There was one moment for me where I thought the Penguins were disorganised and not in the game. It was during the first period after Laviolette called a timeout. All the Flyers players leaned over to listen to what their coach had to say, while Dan Bylsma’s three penalty killers were huddled around their net instead of getting instructions from the coach. It was a 5on3 kill and a critical moment in the game.

The Penguins playing in the series now, is not the Penguins that went to the cup final twice and won the cup in 2009. I don’t know if Penguins think that they have had to adapt their style to more physical due to playing against the “big bad Flyers”. Whether the altercations in the regular season have gotten the Penguins completely off the rails, or if the Penguins are just trying too hard, it is all playing into the Flyers’ hands.

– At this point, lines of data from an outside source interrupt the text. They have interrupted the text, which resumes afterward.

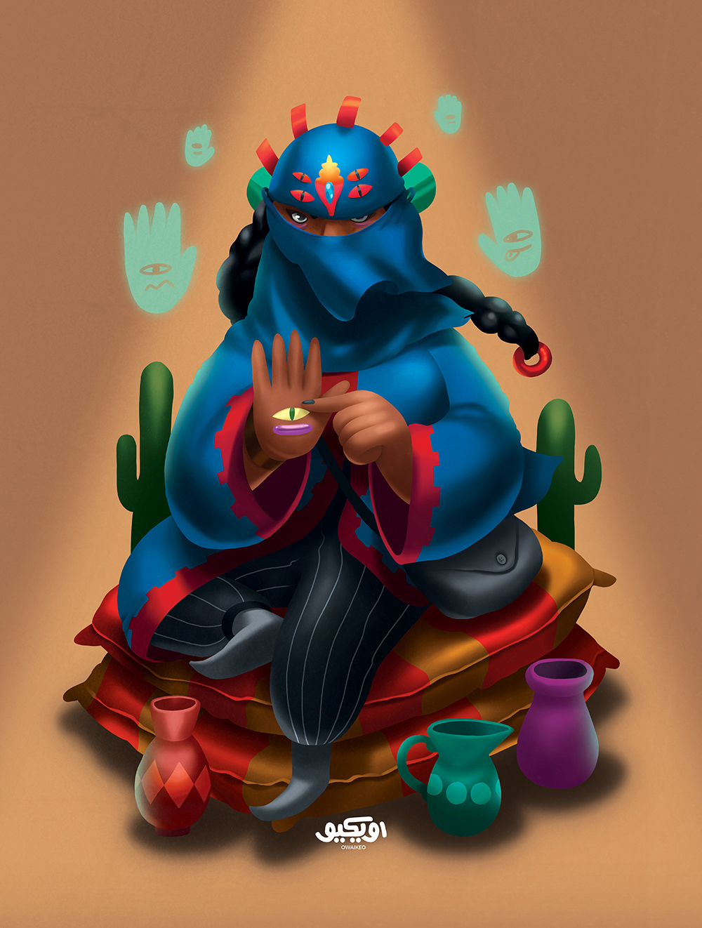 She is a fortune teller who has a strange mutation on her hands. She can tell fortunes of people through the eyes of the hand, or she could just be hallucinating her clients.
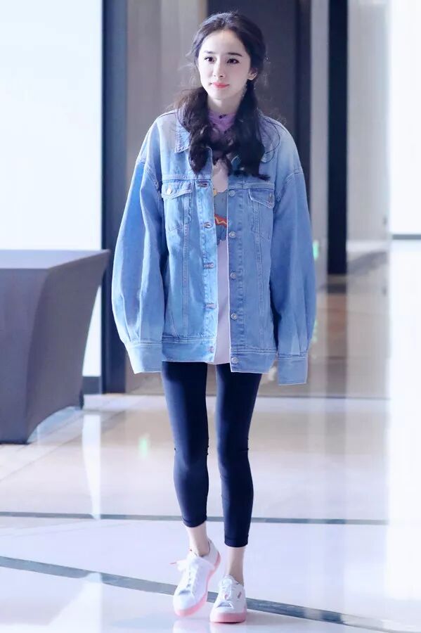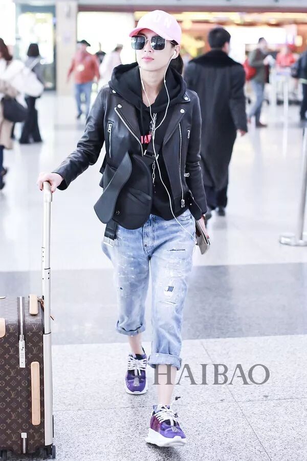 机车皮夹克“门槛”比较低,谁穿都能出气场~黄圣依用帽衫相搭就很好看,但裤子的长度太短了,容易显腿短,
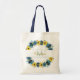 Hier ist eine hübsche personalisierte Tasche, die für jede Jahreszeit geeignet ist. Ihr Monogramm und Ihr Name in Blau und Gold steht im Zentrum, während der Blumenkranz in Aquarellfarben von hinten flüchtige Blick. Beide Seiten der Tasche haben das gleiche Bild und Text.
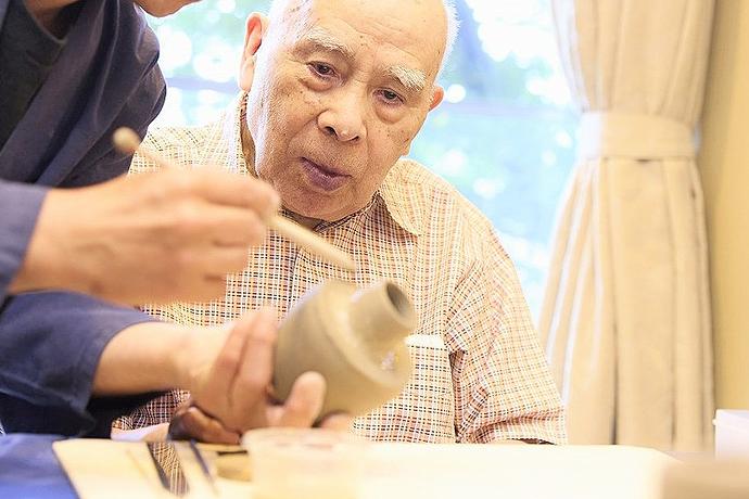 「リミテッド倶楽部」は、東京の「アリア」シリーズのホームが創る「社交場」です。彩り豊かな暮らしをお楽しみいただくために、芸術・文化・食事・音楽など多彩な活動を展開しており、それぞれの分野で活躍されているプロの講師をお招きしています。こちらは、「アリア等々力の杜」で開催された「陶芸倶楽部」のご様子です。趣味の活動をほかのホームのご入居者様と一緒に楽しんでいただくだけでなく、さまざまなお話しを交わしながら交流を深めることも、多くの入居者様によろこんでいただけているようです。
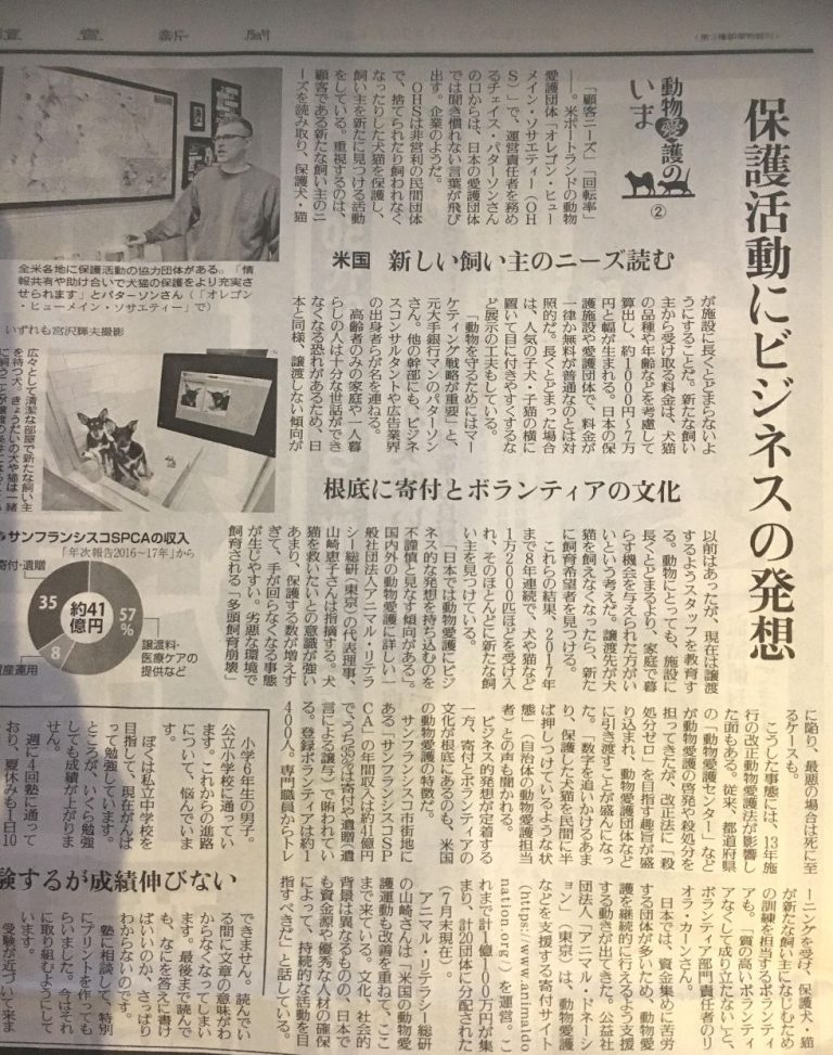 読売新聞全国版で「動物愛護の今」という連載がスタートし、2回目にアニドネが紹介されました。読売プレミアムでもご覧になれます。
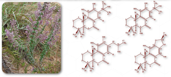 The phytochemical study of Hyptis crassifolia led to the isolation and structure elucidation of nine diterpenes. 6α,11,12,15-Tetrahydroxy-8,11,13-abietatrien-7-one, 11,12,16-trihydroxy-17(15→16)-abeo-abieta-8,11,13-trien-7-one and 11,12,15-trihydroxy-8,11,13-abietatrien-7-one are new, and a structural revision is proposed for (16S)-12,16-epoxy-11,14-dihydroxy-17(15→16)-abeo-abieta-8,11,13-trien-7-one.
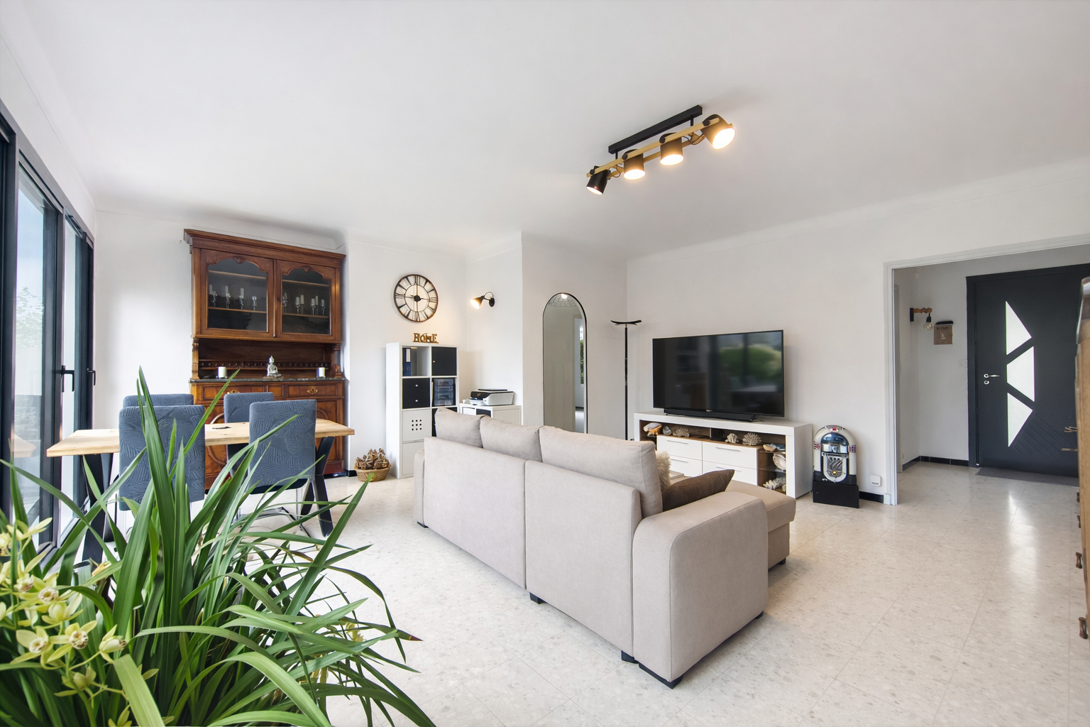 A Saint-Laurent-de-la-Salanque, dans une rue calme et bien située, cette maison plain-pied trois faces bénéficie d'un emplacement pratique, à proximité des commerces et du centre du village. L'accès aux principaux axes est rapide, tout en conservant une atmosphère paisible au quotidien. La pièce à vivre de 32,06 m² constitue le coeur de la maison. Spacieuse et lumineuse, elle s'ouvre largement sur le jardin grâce à plusieurs baies vitrées coulissantes, créant une relation naturelle entre intérieur et extérieur. Un second espace salon, plus intimiste, avec cheminée insert, permet de créer une ambiance plus feutrée. La cuisine indépendante, récente et soigneusement aménagée, a été pensée comme une véritable pièce à part entière, fonctionnelle et agréable, avec vue sur le jardin. Côté nuit, la maison dispose de deux chambres avec rangements intégrés, d'une salle d'eau lumineuse avec douche à l'italienne et double vasque, ainsi que d'un WC indépendant. Un espace supplémentaire, aujourd'hui dédié au rangement et à la buanderie, offre un potentiel d'aménagement, notamment pour la création d'une troisième chambre selon les besoins. Le jardin ceinture la maison sur trois faces, sans vis-à-vis, et la possibilité d'y imaginer différents aménagements, dont une piscine; est réel. Ce bien est proposé en mandat exclusif GOT Immobilier, avec une visite virtuelle réalisée par l'agence, permettant une première découverte qualitative avant toute visite sur place. Votre Conseiller Local, Thierry : 06 14 13 37 92
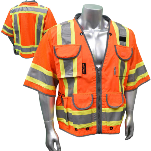 Radians SV55-3 Class 3 Heavy Woven Reflective Vest, Hi-Vis Orange, Two-Tone
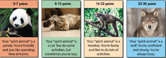 a. You’re doing a quiz about your free time activities to find out your “spirit animal”. Work in pairs. Add three more activities and then ask your friend to complete the quiz.
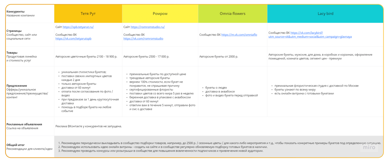 - Из-за крайне высокой конкуренции в нише цветочного бизнеса важно сформулировать уникальные преимущества и особенности магазина и транслировать их в рекламе. Это позволит выделиться среди конкурентов и привлечь аудиторию.
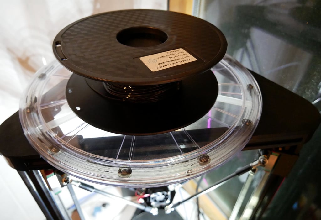 Αυτή η καινοτόμος κατασκευή διασφαλίζει ότι το ρολό του νήματός σας συγκρατείται σταθερά στη θέση του, ελαχιστοποιώντας τον κίνδυνο εμπλοκής και παρέχοντας μια πιο ομαλή τροφοδοσία του υλικού κατά την εκτύπωση. Χρησιμοποιώντας μια τυπική περιστρεφόμενη πλάκα 30 cm (12") (lazy susan), απελευθερώνεται πολύτιμος χώρος γύρω από τον εκτυπωτή σας, δημιουργώντας μια πιο τακτοποιημένη και αποτελεσματική ρύθμιση.

Flyers are a team that by its very nature doesn’t step back from anything. The team has grown mentally strong by being down in 57 of its last games.

Flyers have done one thing and they have pushed Penguins so far out of its comfort zone that the Penguins game is totally lost at the moment. The only way that the Penguins can get back into the comfort zone is through strong leadership and at the moment the man who wears the C and is supposed to be the emotional leader of the team is doing anything BUT leading.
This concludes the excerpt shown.